The paper emphasises the potential of these technologies to revolutionise drug discovery, crop development, and sustainable biomanufacturing.
Digitisation of national collection and autonomous labs
Biological collections provide a unique record of species diversity, distribution and biological interactions across space and time.
These collections are vast warehouses of novel genes, molecules and biochemical processes that can be explored to identify the next generation of foods, materials and medicines needed to meet the demands of a rapidly growing human population.
However, the labour-intensive process of taxonomic discovery and documentation remains essentially unchanged and at current rates, will take hundreds of years to unpack the rich and potentially 'game-changing' biological information within the world's collections – information that is sorely needed right now.
This use case aims to automate the digitisation workflow of National Collection's insect collection.
It will do this with AI-powered robotics technology, imaging, data extraction, and data management and analysis in physical environments.
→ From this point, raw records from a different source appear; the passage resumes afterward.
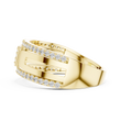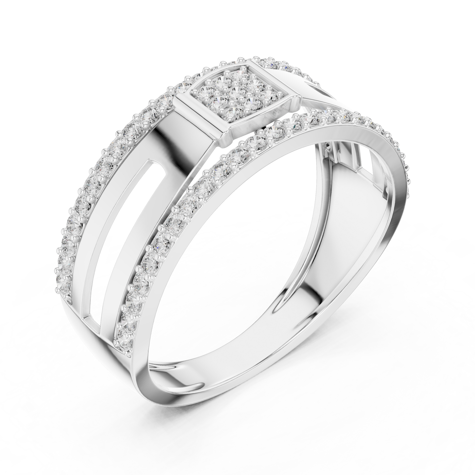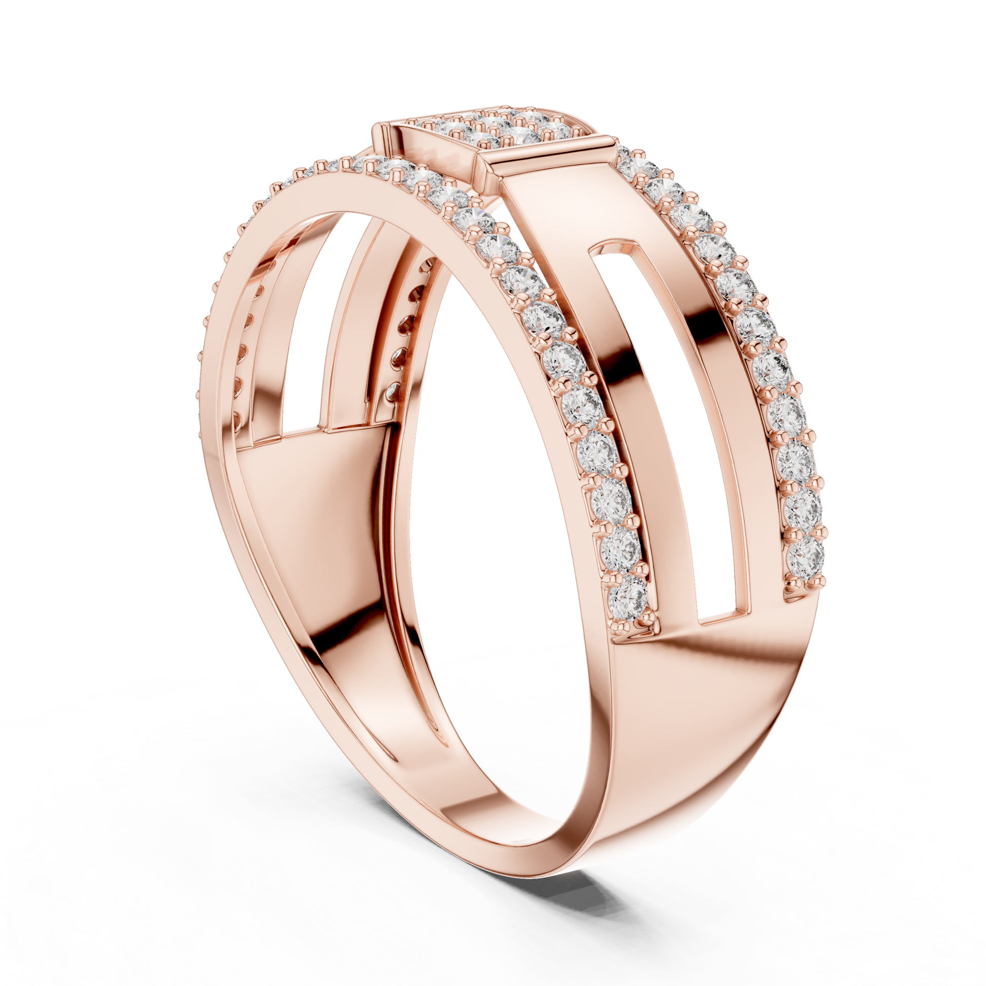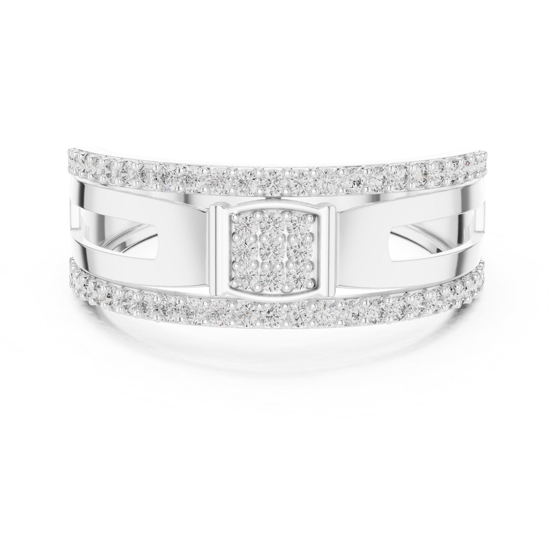 This exquisite ring from Ivevar Luxury is crafted in radiant gold and showcases a square pavé-set diamond center that delivers brilliant sparkle from every angle. The design is elevated by double rows of round diamonds flowing along the band, creating a bold yet refined silhouette. Distinctive openwork cutout detailing adds depth and a modern architectural feel, while the high-polish gold finish enhances its luxurious appeal.
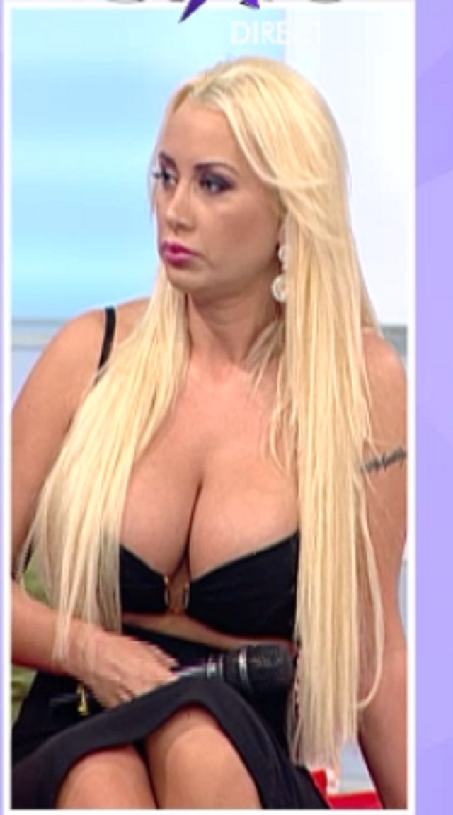 Invitată în platoul emisiunii "Star Matinal", Simona Traşcă şi-a etalat formele perfecte într-o rochie neagră, cu decolteu adânc. Sânii imenşi ai blondei abia au încăput în cupele bustierei de culoare neagră.
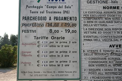 C/o Punta Navaccia (Trasimeno), ampio parcheggio sterrato ed alberato, illuminato, gratuito solo fuori stagione; spiaggia sul lago Trasimeno
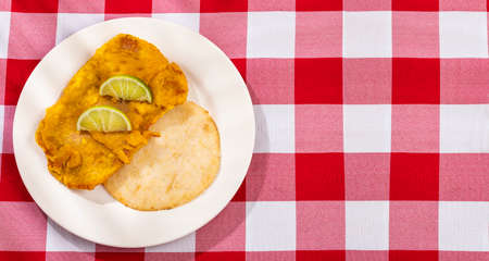 Fish torta with arepa - Colombian street food
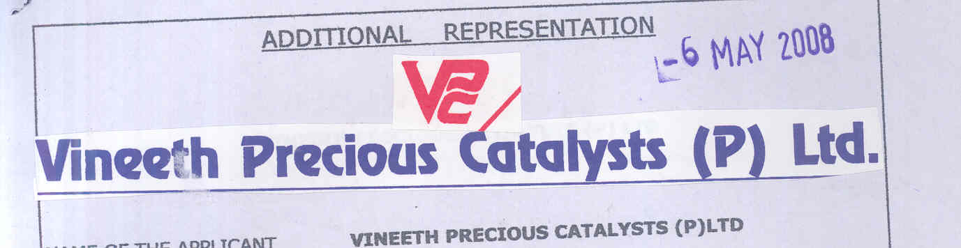 Trademark application was filed by VINEETH PRECIOUS CATALYSTS.
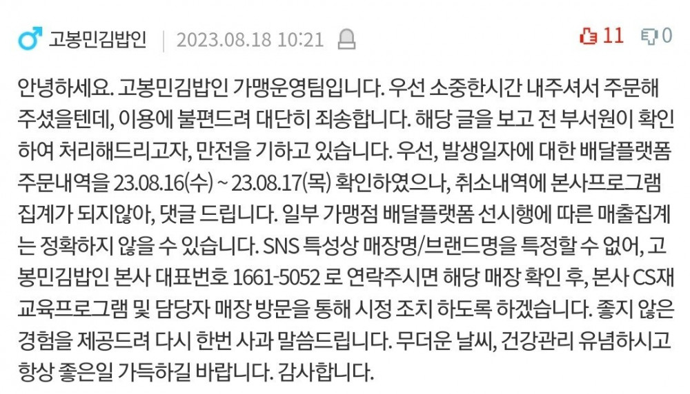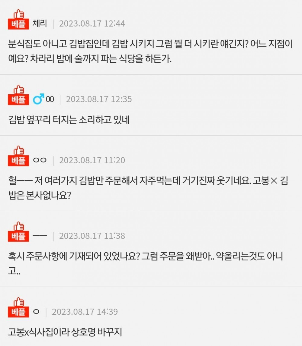 현재시각 1시간 전 고봉민 김밥 댓글 등판
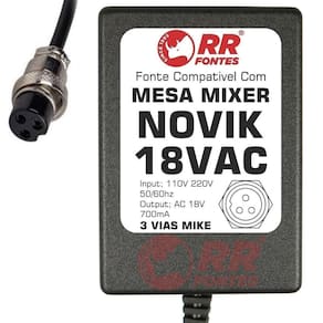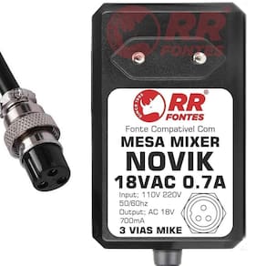 Fonte Ac 18V Para Mesa Mixer Novik Nvk Neo 802Fx 1202Fx 1602Fx Fonte compativel com mesa som novik nvk neo Ac 18vac 700ma bivolt com chave de seleção de voltagem 110v/220v Para; Nvk-802fx neo Nvk-1202fx neo Nvk-1602fx neo ----foto meramente ilustrativa---- Rrfontes Marca: Não Informado
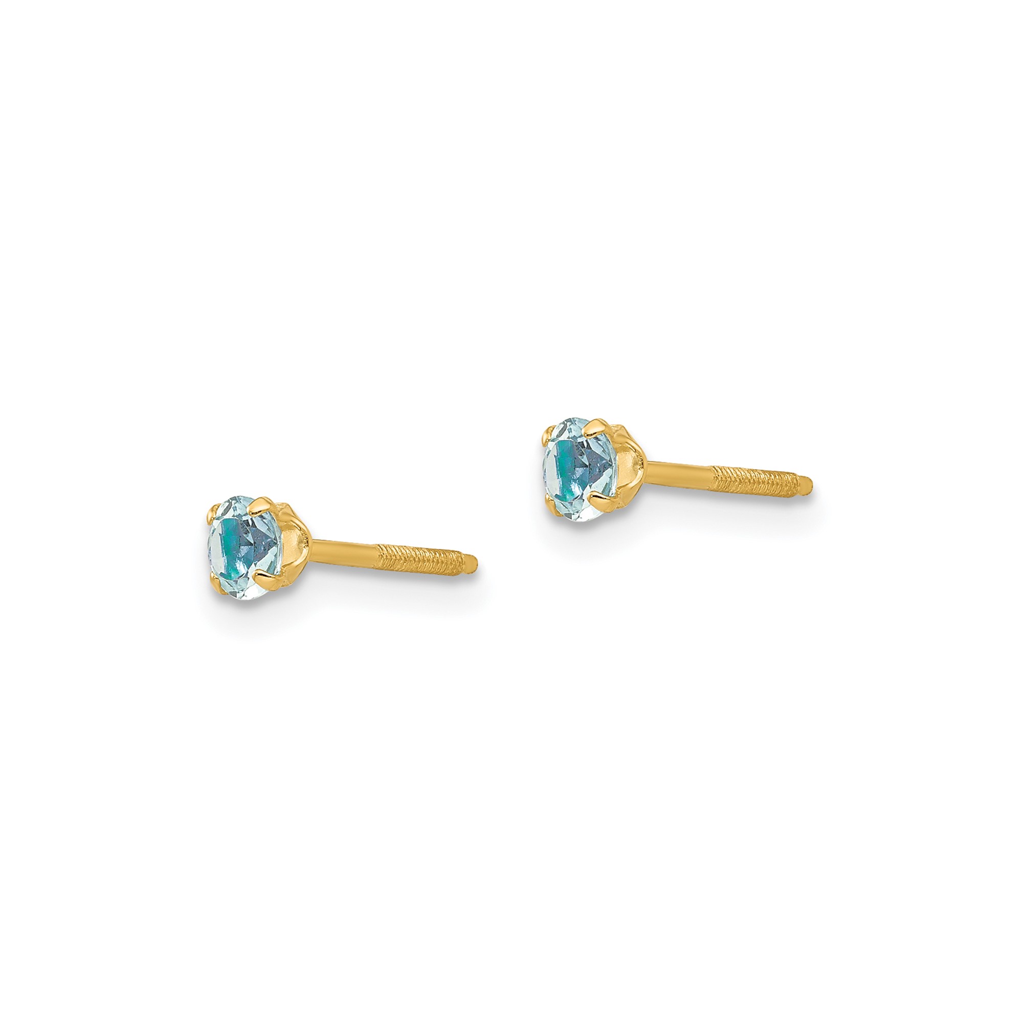 14k Yellow Gold Childrens 3mm Aquamarine Earrings
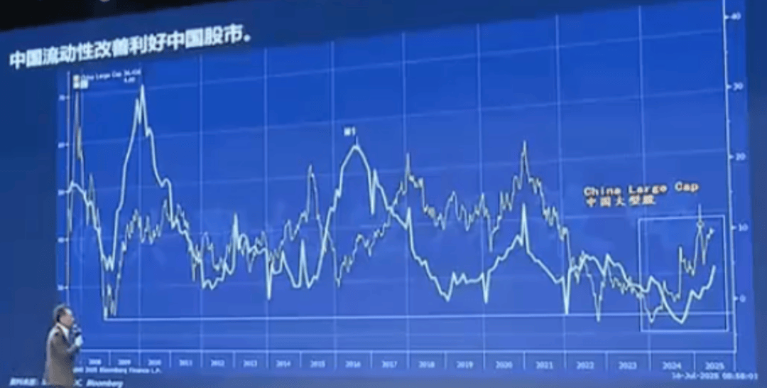 我们看一下白色的线是我们的M1,就是狭义的货币供应。
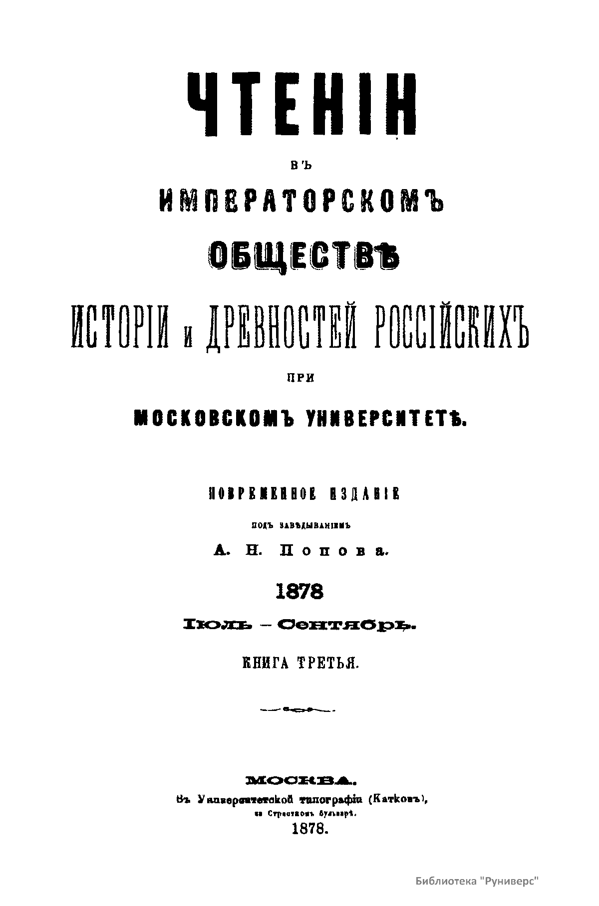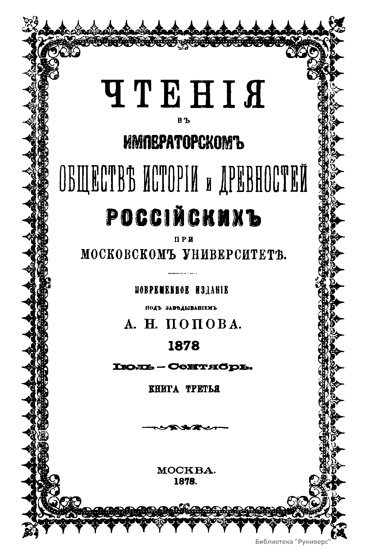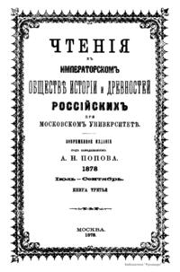 Чтенiя въ Императорскомъ Обществѣ Исторiи и Древностей Россiйскихъ при Московскомъ Университетѣ. 1878. Iюль-Сентябрь. Книга третья
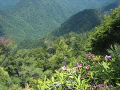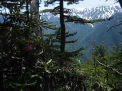 北岳から裏参道を中房温泉方面に下る。最初は北へ稜線を下り、2283m峰の手前から西へ、山腹を巻く様に下って行く。後は下り一方かと思いきや、岩場や崖を避けるためにアップダウンが結構ある。途中、岩場を鎖でトラバースする個所もあり、慎重に歩く。途中には一面のシャクナゲ林もあるが、もう時期も過ぎているのか、花はポツポツだった。
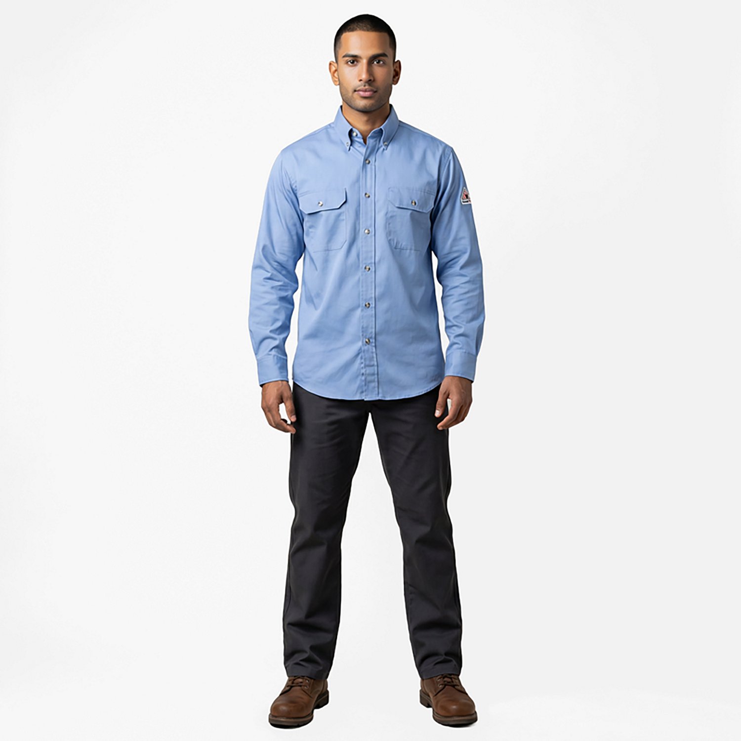 Built to perform, the Bulwark Men's Midweight Flame Resistant Uniform Dress Shirt has your back throughout the work day. It's equipped with Flame Resistant protection to give you peace of mind in hazardous conditions. It's also tailored for a professional appearance and has full underarm gussets for mobility. 2 pockets. NFPA® 2112 compliant.
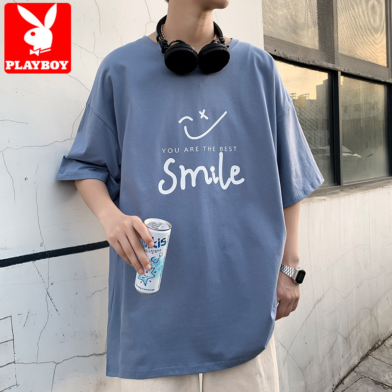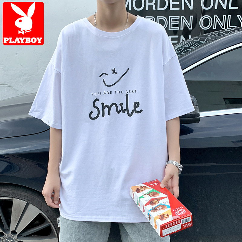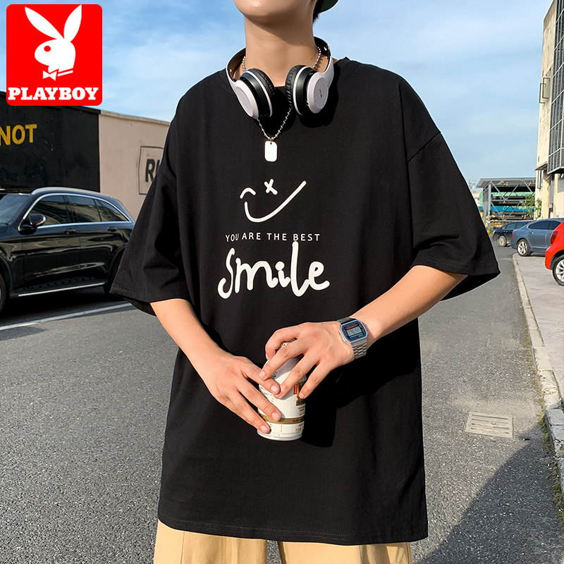 Floral Playboy pure cotton short sleeve T-shirt for men Summer thin Tide Cards Half Sleeve Loose Men's Summer Dress Ice Silk Clothes

Science Digital aims for this use case to empower researchers to leverage the platform as a tool for designing and executing autonomous lab workflows through assistive AI-driven robots and other physical systems.
This shift from digitisation to autonomous labs will refine robotic accuracy in the lower-risk environment of the national collection, paving the way for operations in more complex labs, domains and settings.
This vision of AI-driven biology was the focus of a paper published by Dr Stefan Harrer, Director of Science Digital, Dr Rahul Rane, CSIRO Senior Research Consultant in Applied Genomics, and Dr Robert Speight, Director of CSIRO's Advanced Engineering Biology Future Science Platform.
'Generative AI agents are transforming biology research: high resolution functional genome annotation for multiscale understanding of life' explores the game-changing integration of AI into biology.
By harnessing generative AI and advanced agentic tools, biologists can better interpret genomes, predict biological functions, and design novel systems. The paper emphasises the potential of these technologies to revolutionise drug discovery, crop development, and sustainable biomanufacturing.
Our Google partnership: a collaboration that enables transformation
To inform, inspire, and catalyse the use of AI in the Australian science community.
As a part of our five-year partnership with Google, Science Digital has entered a partnership with Google that utilises Google's capability to accelerate and transform Australian innovation.
Through the collaboration, Google and Science Digital will develop and showcase practical AI solutions to real-world challenges, including Science Digital's use cases Genomic annotation, and Digitisation of National Collections and Autonomous Labs.
As Science Digital's inaugural strategic partner, Google will play a critical role in raising awareness of Science Digital's initiatives globally, offer technical and ecosystem resources, and encourage scientists to harness the capabilities of AI.